Armed figures stepped out from the alley ahead and blocked the street. Matthew looked back. The exit behind them was blocked as well.
"OI! Stop right there! I've had my eye on you since you walked in!"
The man at the front of the group was bald. Enormous, somewhere above seven and a half feet, the kind of build that had been assembled over a long time with dedicated effort. A scar ran horizontally across his face from one cheek to the other. He was carrying a heavy machine gun from the Second World War, the ammunition belt draped over his shoulders like an accessory he had stopped noticing. He held the weapon without any apparent awareness of how heavy it was.
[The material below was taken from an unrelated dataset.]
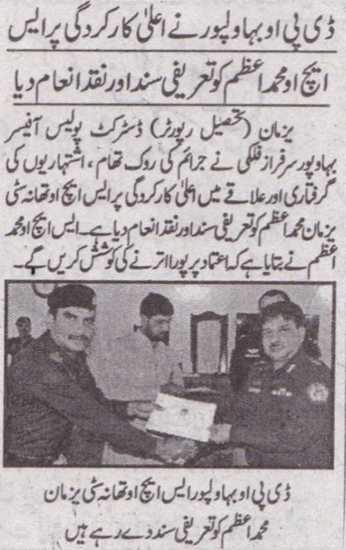 ۔ڈی پی او بہاولپور نے اعلی کارکردگی پر ایس ایچ او محمد اعظم تھانہ سٹی یزمان کو تعریفی سند اور نقد انعام دیا۔

"You're Matthew Lawrence."
It was not a question.
"From here on, I ask, you answer. One answer I don't like, and all of this goes into your skull." He rattled the ammunition belt.
"Question one. Where's my brother Pete? What did you do with him?"
Matthew looked at the dozen or so muzzles pointed at him. Something at the corner of his mouth moved slightly upward.
"Your brother? The scrawny one? Not too sharp? That Pete?"
He checked his watch.
"He's fine. At this hour, he's probably locked in a room being tested on something." He looked back up at the man with the machine gun. "Looking to join him? I can make some calls and get you moved to the front of the list."